STOCKHOLM – The Swedish Post took the Internet plunge more than five years ago in anticipation of the coming e-commerce boom, according to Anders Asberg, the birector of Sweden Post’s international partners.
“Our former board saw early on that our future would be determined online. That’s why we started our Torget Web site so we could attract companies and have them generate parcel and letter distribution for us.”
Mail volume in Sweden and in the rest of Scandinavia is still holding up, Asberg said, but conceded growth on the letter side was small. Parcel growth is bigger, but the rate of growth is not as fast as it was.
Business mail has begun to drop a bit but direct mail is increasing. “More companies are trying to reach more target groups and we think overall that DM is taking market share away from other marketing channels.”
He said rapid growth of e-mail had been an early signal that business mail volumes would begin to sag and that something would have to be found to replace it. Private letters, he noted, are “quite stable” but only account for 8-10 percent of postal volume.
Sweden was also one of the first countries in Europe to privatize the postal service and to allow competition on all sectors – portals, Web sites and distribution.
“This is an open market and that drove us into the front ranks of e-commerce. We had to listen to our clients to stay on top of the market. Competition was good for us.”
Curiously Sweden has only had home parcel delivery for a year or so. In the past, customers had to come to the post office to pick up their packages, something that is still done in China and other emerging markets.
Asberg said it would take the market a couple of years to complete home delivery, less so in the major cities where smaller competitors have taken packages door to door. But Sweden is a huge country – as long as the distance from Stockholm to Rome – so delivery often is not easy.
E-commerce has been the other driving force for boosting home delivery. As online buying has increased so has customer demand for product delivery into the home.
Sweden Post’s grandest online attraction is Torget, a Web site that this year was turned from an information and chat room site into a shopping mall that has attracted hundreds of outlets.
“We’re trying to attract companies to come and set up on Swedish Web sites, particularly German, American and British firms. We do mailings in the UK extolling our one stop marketing solutions.

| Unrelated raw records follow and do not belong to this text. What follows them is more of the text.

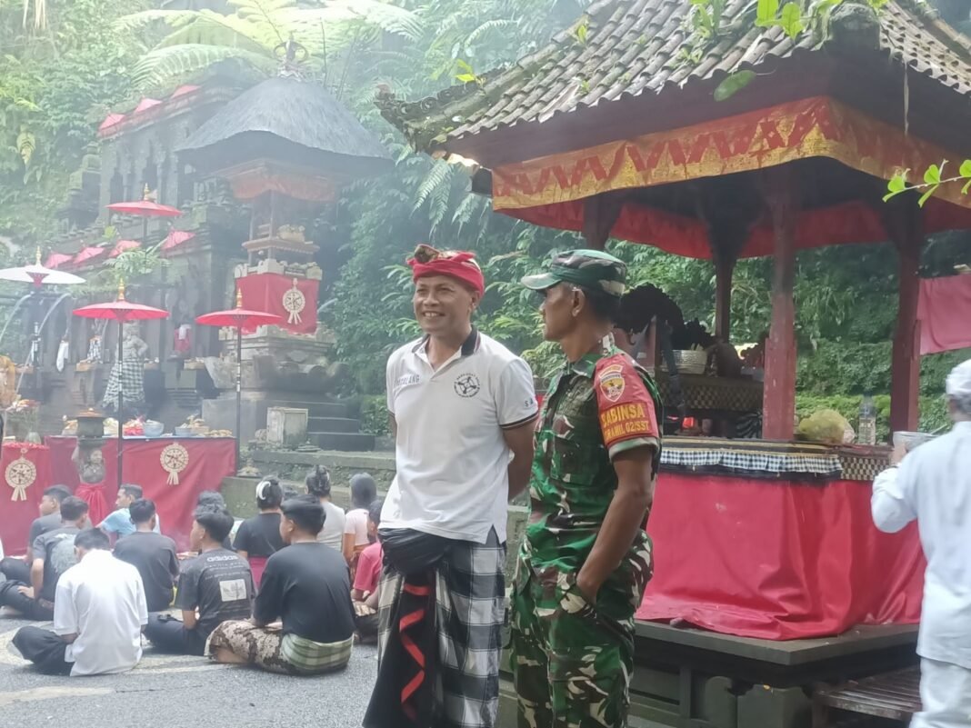 Bangli – Dalam upaya menciptakan rasa aman dan nyaman bagi masyarakat serta pengunjung, Babinsa Desa Abuan yang tergabung dalam Koramil 1626-02/Susut Kodim 1626/Bangli, Sertu I Dewa Gede Mertawan, bersama Bendesa Adat Sala melakukan pemantauan atas perayaan Hari Raya Banyupinaruh di lokasi wisata spiritual Pura Taman Pecampuhan Sala, tepatnya di Banjar Dinas Sala, Desa Abuan, Kecamatan Susut, Kabupaten Bangli.
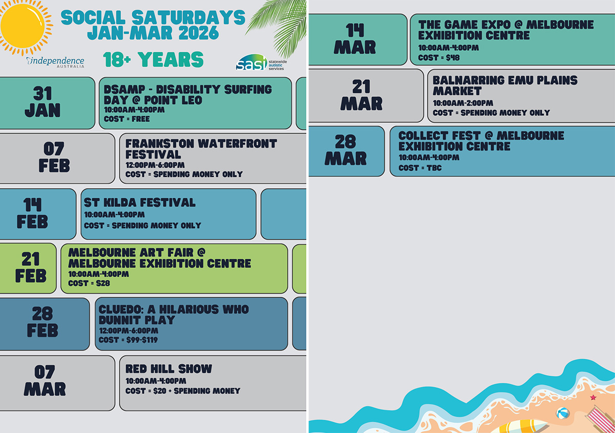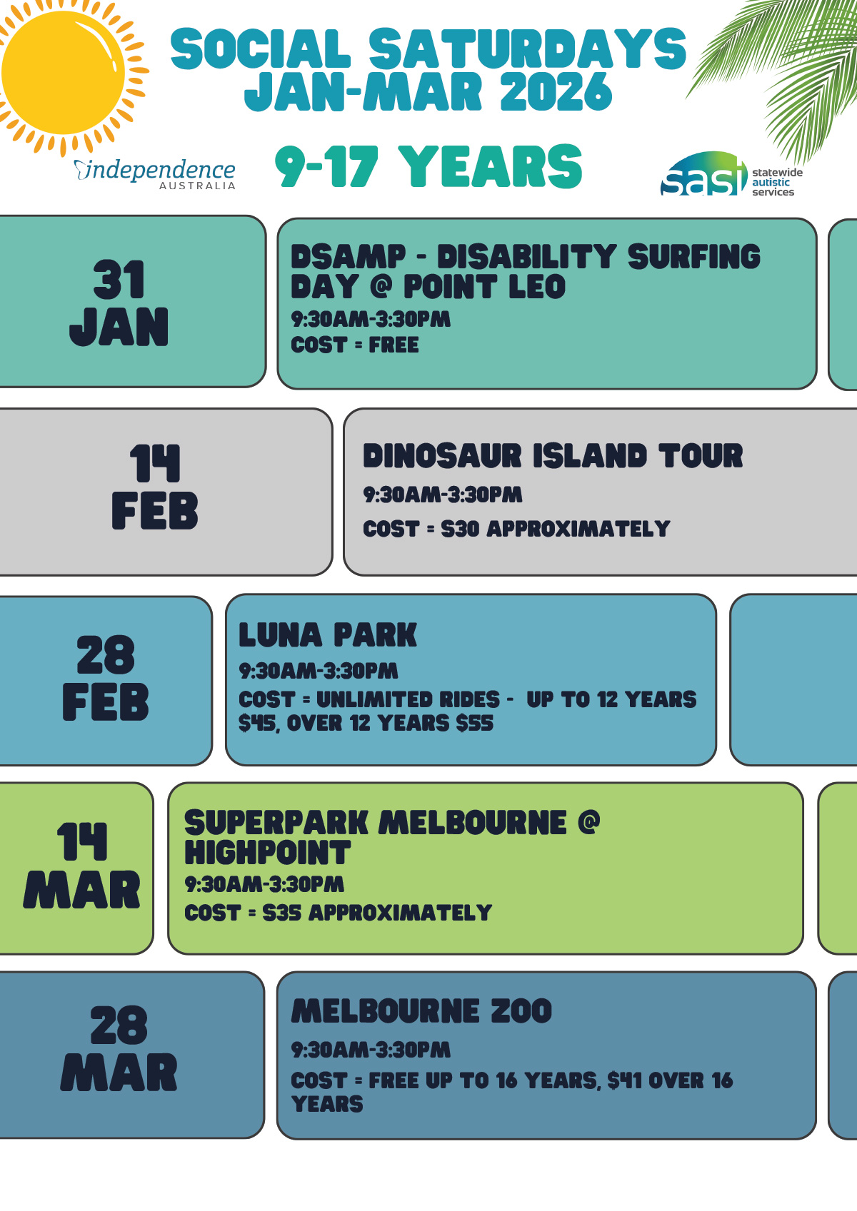 At SASI you will be supported to participate in a range of different activities across Melbourne, some of the fun and exciting places we have visited and activities we have held so far include but are not limited to:
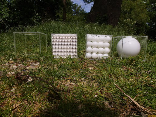 Skulptur aus vier Plexiglaswürfeln mit verschiedenen Kugeln gefüllt.

“In Germany we cooperate with Deutsche Post. We identify potential German mail order companies that could do well on the Scandinavian market and Deutsche Post targets them for us and tries to persuade them to come to Scandinavia.”
In the US, Sweden Post works closely with the Invest in Sweden Agency, one of the most active European investment agencies that has proved adept at attracting a broad range of US businesses to set up operations in Sweden.
Sweden Post works closely with other Scandinavian postal administrations – including that of Iceland, not usually considered part of Scandinavia – in the kind of network format that allows companies to test their products on the Scandinavian market in the most efficient way.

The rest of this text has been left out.